Functional regularization methods

Similar as with parameter regularization, the functional regularization methods LwF and FROMP had a regularization term added to the classification loss: \({{{{\mathcal{L}}}}}_{{{{\rm{total}}}}}={{{{\mathcal{L}}}}}^{{{{\rm{C}}}}}+{{{{\mathcal{L}}}}}_{{{{\rm{func-reg}}}}}\).

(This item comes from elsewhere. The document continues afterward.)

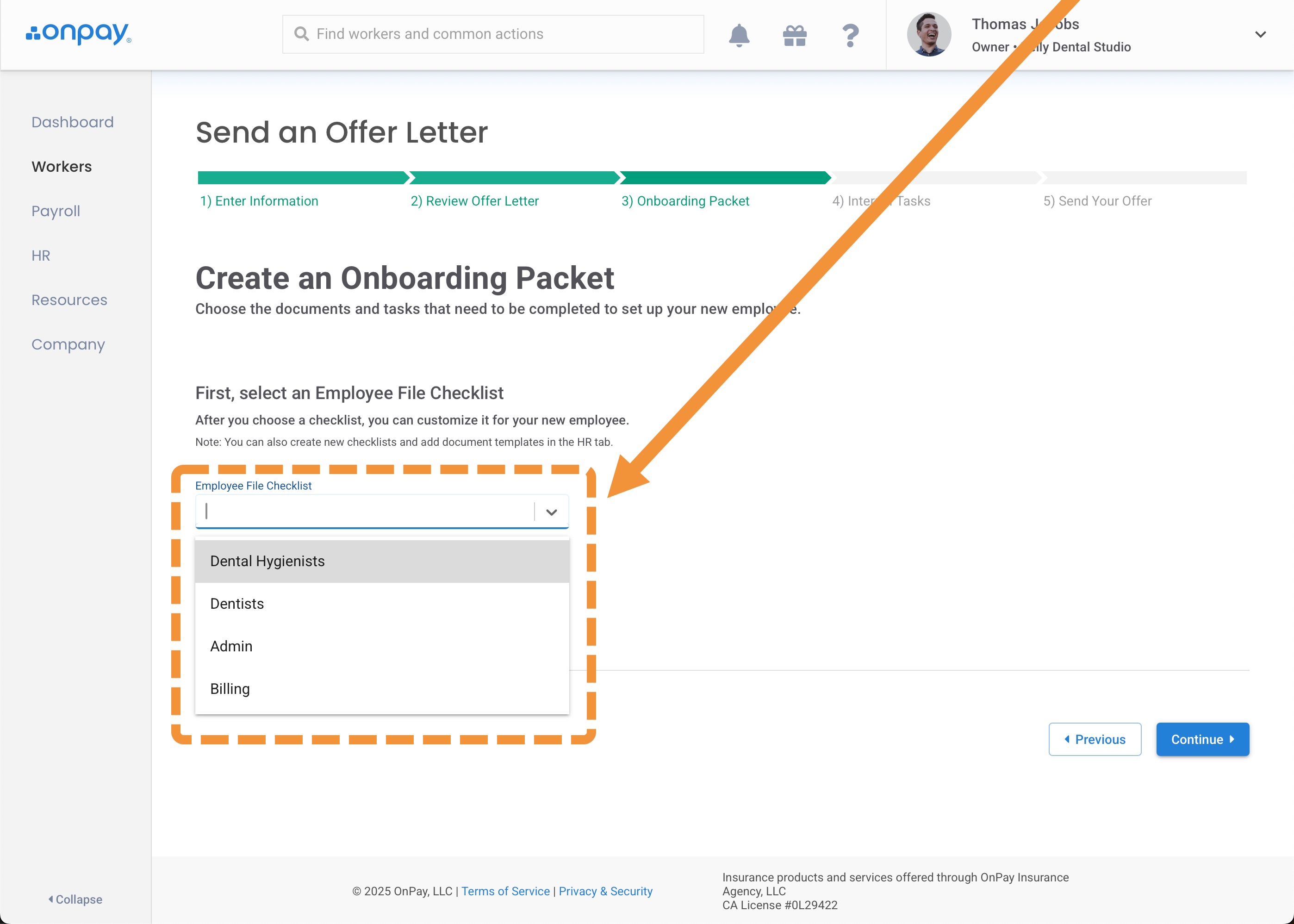 In step 3 of sending an Offer Letter, select the appropriate File Checklist for the employee.

This regularization term encouraged the input–output mapping of the network not to change too much at a set of anchor points.

LwF

The method LwF (ref. 50) used the inputs from the current context as anchor points in combination with knowledge distillation71. During training on context K > 1, the LwF regularization term was given by:

$${{{{\mathcal{L}}}}}_{{{{\rm{func-reg}}}}}^{(K)}\left({{{{x}}}},{{{{\theta }}}}\right)=-\mathop{\sum }\limits_{k=1}^{K-1}\mathop{\sum}\limits_{o\in {{{{\mathcal{O}}}}}_{k}}{p}_{{\hat{{{{{\theta }}}}}}^{* }}^{T}\left(o| {{{{x}}}}\right)\log \left[{p}_{{{{{\theta }}}}}^{T}\left(o| {{{{x}}}}\right)\right]$$
(9)

whereby \({{{{\mathcal{O}}}}}_{k}\) was the set of output classes in context k, \({\hat{{{{{\theta }}}}}}^{* }\) was the parameter vector with values as they were at the end of training on context K − 1 and \({p}_{{{{{\theta }}}}}^{T}\left(o| {{{{x}}}}\right)\) was the ‘temperature-raised’ probability that input x belongs to output class o, as predicted by the network with parameters θ. These temperature-raised probabilities were defined as:

$${p}_{{{{{\theta }}}}}^{T}\left(o| {{{{x}}}}\right)=\frac{\exp \left[{z}_{o}^{({{{{x}}}},{{{{\theta }}}})}/T\right]}{{\sum }_{j}\exp \left[{z}_{j}^{({{{{x}}}},{{{{\theta }}}})}/T\right]}$$
(10)

with T the temperature, which was set to 2, and \({z}_{o}^{({{{{x}}}},{{{{\theta }}}})}\) the logit of output class o obtained by putting input x through the neural network with parameters θ. The summation in the denominator was over all active classes in the output layer. With task-incremental learning, for each context’s term in the outer summation of equation (9), only the output classes contained in that context were active. With domain- and class-incremental learning, always all output classes were active. In each iteration, the LwF regularization term was computed as average over the same inputs that were used to compute \({{{{\mathcal{L}}}}}^{{{{\rm{C}}}}}\).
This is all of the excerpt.